20 September 2008

Financial Security and Capital Allocation

Financial security and capital allocation are the topics for this week's letter. I have been wanting to write about these for some time. What a background in the capital markets -- a very rough week for people.

I am extremely busy on the business front.  As you can imagine, we face a very challenging time in UK Property.  If you are waiting for an email reply then I will get to you, just need some more time. Each day, I have had to parcel my energy, prioritize tasks and schedule recovery.

OK -- a couple of announcements...

***I turned on comments so that so we can interact. Take it easy on me. You'll find that moderation is 'on' so I need to review before they go live.

Endurance Corner Radio has podcasts from Joe Friel and Chris McDonald. Send feedback to D.J. J.D., who is leading our effort.  Joe is talking about his background (very interesting) and training. Chris explains how we can break Chris Lieto's course record at IM-Moo by using IM-Loo as part of our taper -- its easy if you just follow his point-by-point instruction for race week...

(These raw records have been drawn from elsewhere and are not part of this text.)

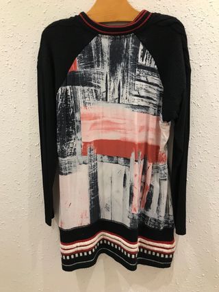 Vestido de punto con un diseño abstracto y moderno. - Mangas largas de punto negro. - Cuerpo estampado en blanco, negro, rojo y rosa. - Bajo con banda de punto a rayas rojas y blancas. mide: hombros 41, ancho 50, cintura 47, largo 77 consta talla 50 mirar medidas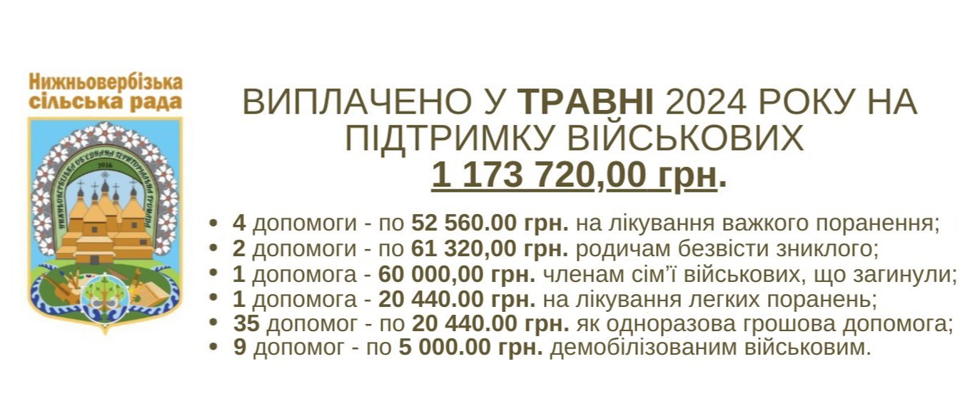 У травні 2024 року військовослужбовцям Нижньовербізької громади, згідно поданих заяв, виплачено суму у розмірі 𝟏 𝟏𝟕𝟑 𝟕𝟐𝟎 грн.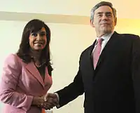 Since the mid-2000s, diplomatic relations between the UK and Argentina have become increasingly strained. In 2006, Argentina renewed claims to the Falkland Islands, citing concern over fishing and petroleum rights.[16] On 28 March 2009, UK Prime Minister Gordon Brown stated that there was "nothing to discuss" with Cristina Kirchner, the Argentine president, over sovereignty of the islands, when they met in Chile on his pre-2009 G-20 London Summit world tour.[17] On 22 April 2009 Argentina made a formal claim to the UN to an area of the continental shelf encompassing the Falklands, South Georgia and South Sandwich Islands, and parts of Antarctica, citing 11 years worth of maritime survey data.[18] The UK quickly protested against these claims.[19]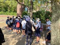 環境委員会は昼休みに縦割り班を使って落ち葉ひろいのボランティアを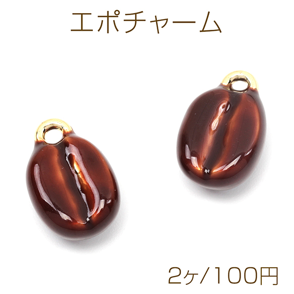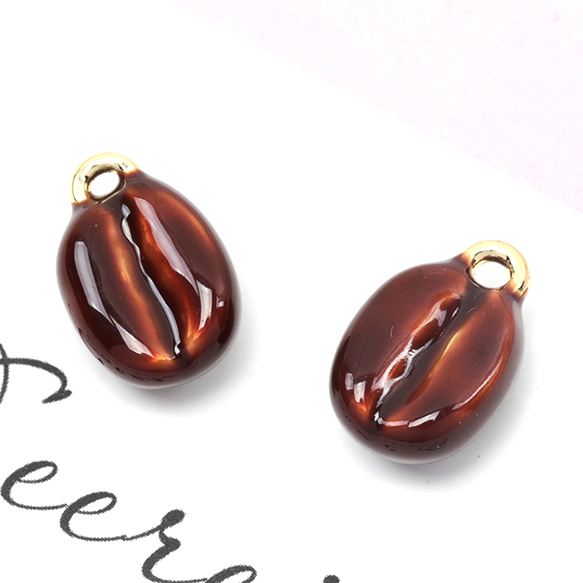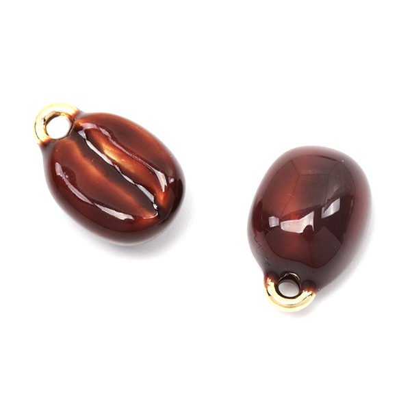 エポチャーム 合金製 コーヒー豆 カフェ ミニチュア メタルチャーム 約8×13mm(2ヶ)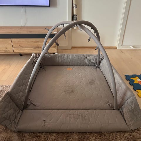 Babynest legetæppe i grå farve. Blød, polstret bund med hævede kanter, der kan foldes op og ned. To buer over midten, hvor der kan hænges legetøj. Leveres med opbevaringspose med lynlås. Velegnet som legeområde til baby på gulvet.
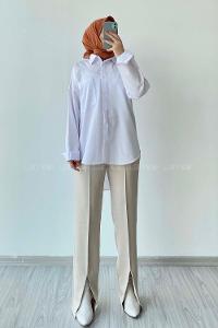 Lamelif Müslin Tesettür Gömlek Beyaz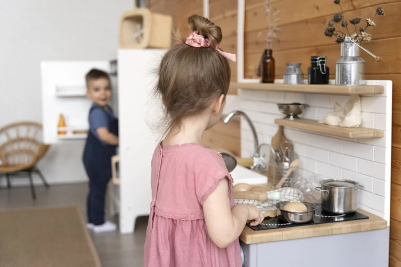 Малыши играют на детской кухне.

***Joe is going to be speaking at our Boulder Triathlon Camp next July. The camp is open to all levels/distances and will have a mix of hands-on instruction, training and discussions. Cost is $1,250 -- drop me a line for more details.  We've got some great speakers lined up.


Who knew the markets would melt down? Personally, I don't blame the short sellers. They are only acting on what insiders and smart researchers have been telling us for months... our financial system needs to be recapitalized. Massive global deleverage is tough. In my own ventures, it is the main cause of the difficult situation faced by friends and clients. 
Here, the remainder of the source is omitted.